Hah, I wrote that code on the fly and didn't check the aforementioned test implementation, where I had `(a is None) ^ (b is None)` like the other commenter suggested.

patrec · on Jan 18, 2021

You could just write this as

    (a is None) is not (b is None)

or

    (a is None) != (b is None)

It won't make a difference (and is 1 to to 5 characters longer), but it seems "cleaner" since it's more specific.

jl2718 · on Jan 19, 2021

I like this as an example of how compilers cause bugs. This code looks reasonable and concise, but it shouldn’t. If you were writing microcode for a non-superscalar processor, you would do two separate memory to register loads and then three xors and then two register to memory stores. But the compiler teaches us to use shorthand and it will fill in the details. In this case the resulting code is ridiculous with loads and stores on each xor because the compiler can’t guarantee that i!=j, and it would normally perform terribly, but we’ve architected CPUs around compilers to use caches that make up for these problems, and they are so prevalent that it’s worth it to dedicate most of the CPU die area to branch prediction based on conventions of the C compiler, and most of the compiler code to conventions of the CPU branch predictor. It’s getting quite ridiculous, and maybe it’s time to move to architectures and languages that make everything explicit.

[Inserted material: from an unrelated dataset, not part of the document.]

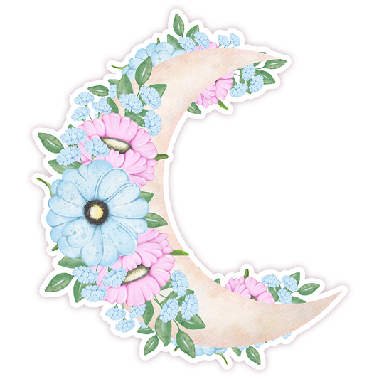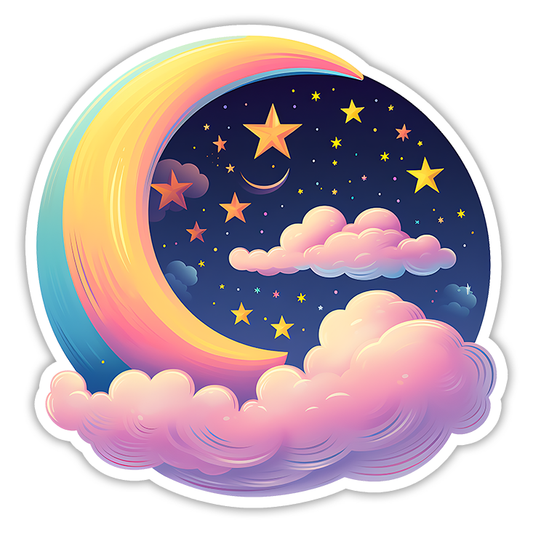 Dreamy Crescent Moon and Pink Clouds Die Cut Sticker (4183)
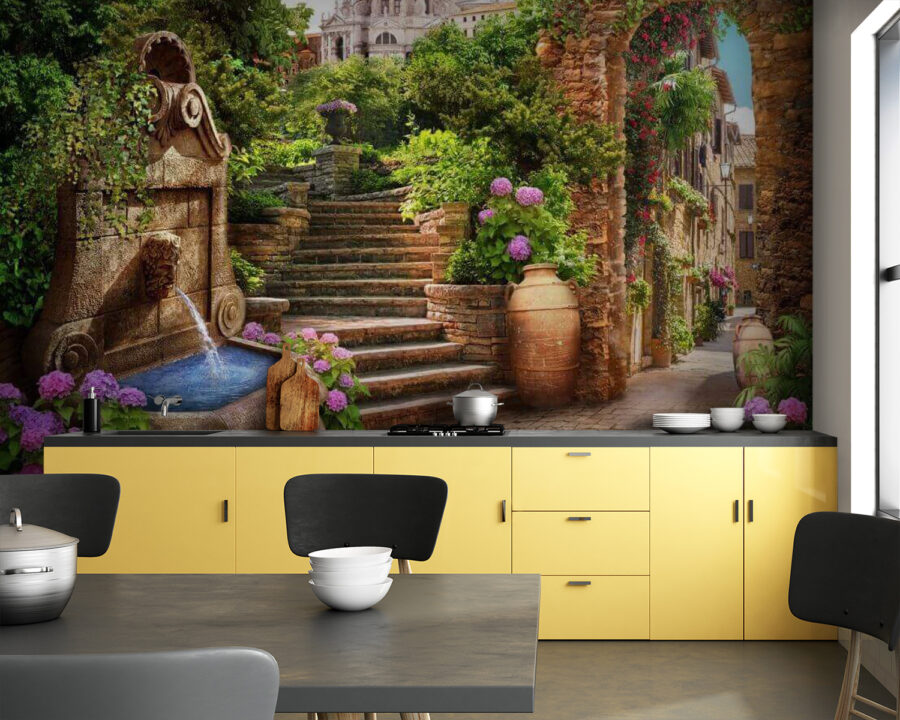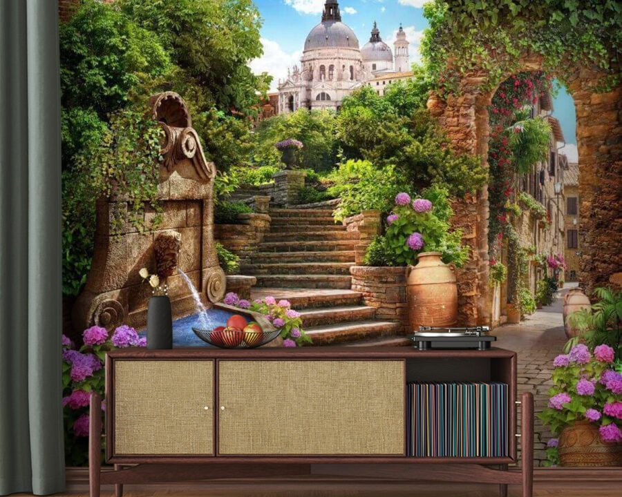 Transformez n’importe quel espace en une escapade de rêve grâce à cette peinture murale enchanteresse représentant un chemin de pierre serein, une fontaine bouillonnante et des fleurs vibrantes. Imaginez que vous entrez dans une escapade européenne confortable depuis votre salon ou votre chambre. Les sons apaisants de l’eau vous feront presque entendre de douces ondulations, tandis que les fleurs colorées ajoutent une touche de joie au paysage. C’est comme si vous trouviez un coin caché dans un village pittoresque, qui ne demande qu’à inspirer votre prochaine aventure. Parfait pour une touche de charme, il invite à la rêverie à chaque coup d’œil. Qui ne voudrait pas siroter un café au bord de cette fontaine ? C’est la chaleur et la fantaisie réunies en une seule pièce délicieuse.

Edit: also, there is an xchg instruction that you have to pull out of intrinsics to use in C (good luck in most other HLL). It seems like a language should be more about how to use vocabulary than restricting it.

tobinfricke · on Jan 18, 2021

People like to harp on C++, but templates permit code that is simultaneously maximally clear and efficient:

#include <utility>

swap(s[i], s[j]);

Iwan-Zotow · on Jan 19, 2021

Prefer pythonic style

std::tie(b, a) = std::make_tuple(a, b);

CamperBob2 · on Jan 19, 2021

Why? That's about 400% harder to read. Even someone who doesn't know how to program in any language can probably infer what the C++ example does.

ChrisRR · on Jan 19, 2021

I know normally python is simpler and easier to read, but this is not one of those times.

The example C++ is much easier to read and more intuitive as to what it does.

tobinfricke · on Jan 21, 2021

To be fair, the Python syntax is just:

a, b = b, a

The "std::tie(b, a) = std::make_tuple(a, b)" is an attempt to replicate the Python style in C++... which, I agree, is certainly not clear, and, unlike using the "swap" algorithm, it's also unclear whether it will result in efficient code.

gnull · on Jan 18, 2021

> because the interviewer expected you to know how to find a duplicate in an integer list by using xor

Maybe they expect you to come up with a solution right there. This way they can see that you're curious and trying to solve a problem even if you don't know its solution beforehand. (And by looking at your attempts they your mind is even working in the right direction. They could give you small hints and observe how you process them.)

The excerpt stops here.